Transcribe the lines exactly, beginning with the one that contains "Rysunek 2 Ukształtowanie" and ending with the final line of the records. Do not transcribe pictures.

Saved data entries:
++++++

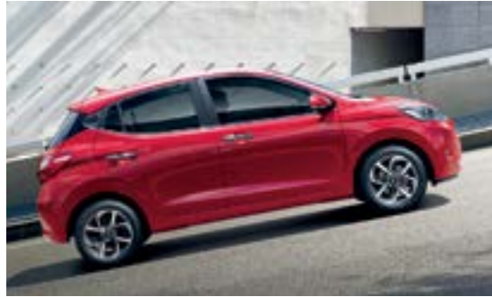
Hệ thống hỗ trợ khởi hành ngang dốc tích hợp với cân bằng điện tử
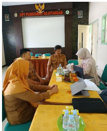
Gambar 3. Kegiatan Pemeriksaan Kas

Sebelum terlibat dalam kegiatan ini, mahasiswa umumnya hanya memahami konsep pemeriksaan kas secara teoritis tanpa pengalaman dalam melakukan perhitungan kas secara langsung di lapangan. Setelah mengikuti kegiatan ini, mahasiswa mampu memahami prosedur pemeriksaan kas secara lebih komprehensif, termasuk pentingnya kesesuaian antara kas fisik dan catatan pembukuan dalam proses audit. Selanjutnya, mahasiswa menyusun berita acara pemeriksaan kas sebagai bentuk dokumentasi resmi atas kegiatan yang telah dilakukan. Kegiatan ini tidak hanya meningkatkan kompetensi teknis mahasiswa, tetapi juga berkontribusi terhadap pengembangan soft skills , seperti kemampuan komunikasi profesional, ketelitian dalam melakukan pemeriksaan, serta kemampuan dalam melakukan klarifikasi informasi yang berkaitan dengan pengelolaan kas. Proses pelaksanaan kegiatan pemeriksaan kas yang dilakukan mahasiswa dapat dilihat pada Gambar 3 berikut:
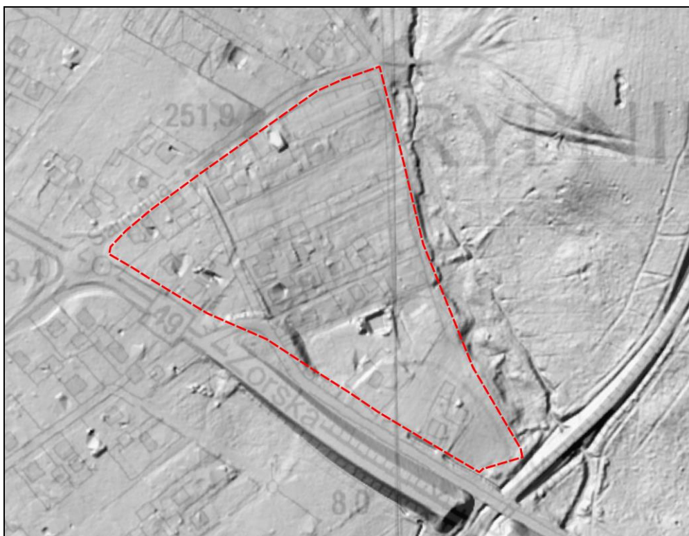
Rysunek 2 Ukształtowanie terenu nr 2 na podstawie Numerycznego Model Terenu

Teren nr 2 położony jest na niewielkim zboczu lokalnej dolinki cieku bez nazwy. Powierzchnia opada nieznacznie w kierunku północno-zachodnim, w kierunku doliny Rudy. Rzędne wynoszą tu ok. 253 m n.p.m. w części południowo-zachodniej, 243 m n.p.m. w części północno-zachodniej oraz 249 m n.p.m. w części południowo-wschodniej.
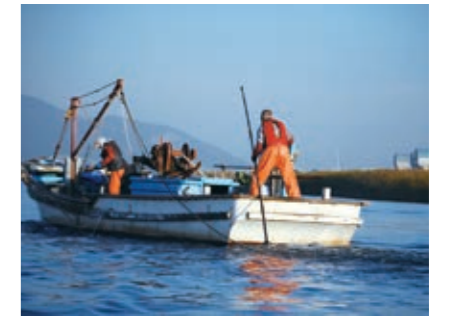
採貝漁業 アサリ、シジミ等
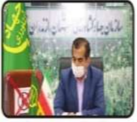
رئیس سازمان جهاد کشاورزی مازندران تأکید کرد: لزوم استفاده از همه ظرفیت‌ها برای خرید گندم و گلزای کشاورزان
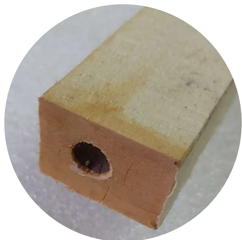
Cada bloque sirve como nido para una abeja o avispa solitaria

Si bien la conocida abeja de la miel vive en colonias, la mayoría de las especies de abejas y avispas son solitarias . Algunas nidifican bajo tierra, pero otras construyen sus nidos en huecos existentes o los generan ellas mismas como las abejas carpinteras.
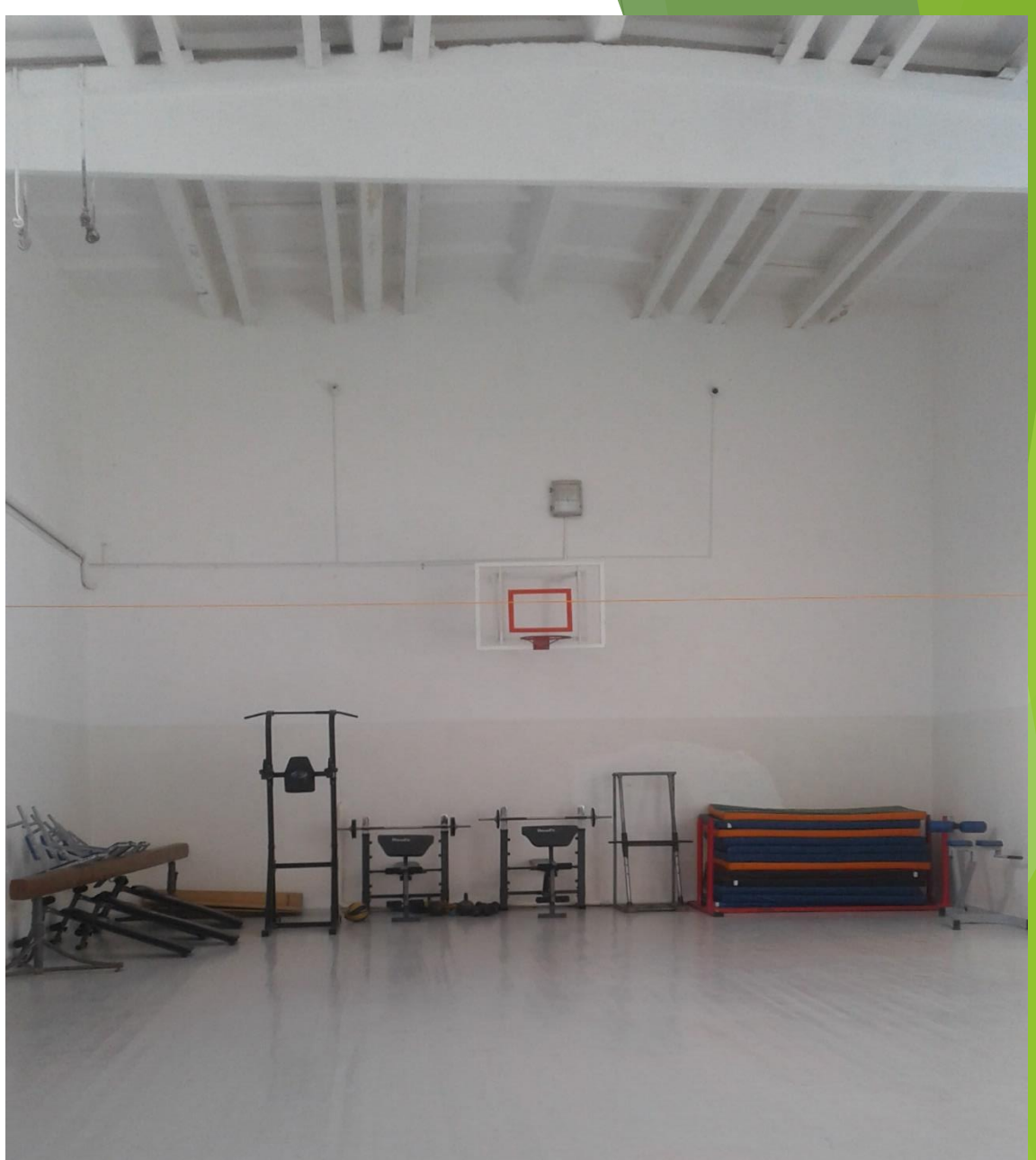
Гимнастический спортивный зал

++++++

- _Exercise answer_:
Rysunek 2 Ukształtowanie terenu nr 2 na podstawie Numerycznego Model Terenu

Teren nr 2 położony jest na niewielkim zboczu lokalnej dolinki cieku bez nazwy. Powierzchnia opada nieznacznie w kierunku północno-zachodnim, w kierunku doliny Rudy. Rzędne wynoszą tu ok. 253 m n.p.m. w części południowo-zachodniej, 243 m n.p.m. w części północno-zachodniej oraz 249 m n.p.m. w części południowo-wschodniej.
採貝漁業 アサリ、シジミ等
رئیس سازمان جهاد کشاورزی مازندران تأکید کرد: لزوم استفاده از همه ظرفیت‌ها برای خرید گندم و گلزای کشاورزان
Cada bloque sirve como nido para una abeja o avispa solitaria

Si bien la conocida abeja de la miel vive en colonias, la mayoría de las especies de abejas y avispas son solitarias . Algunas nidifican bajo tierra, pero otras construyen sus nidos en huecos existentes o los generan ellas mismas como las abejas carpinteras.
Гимнастический спортивный зал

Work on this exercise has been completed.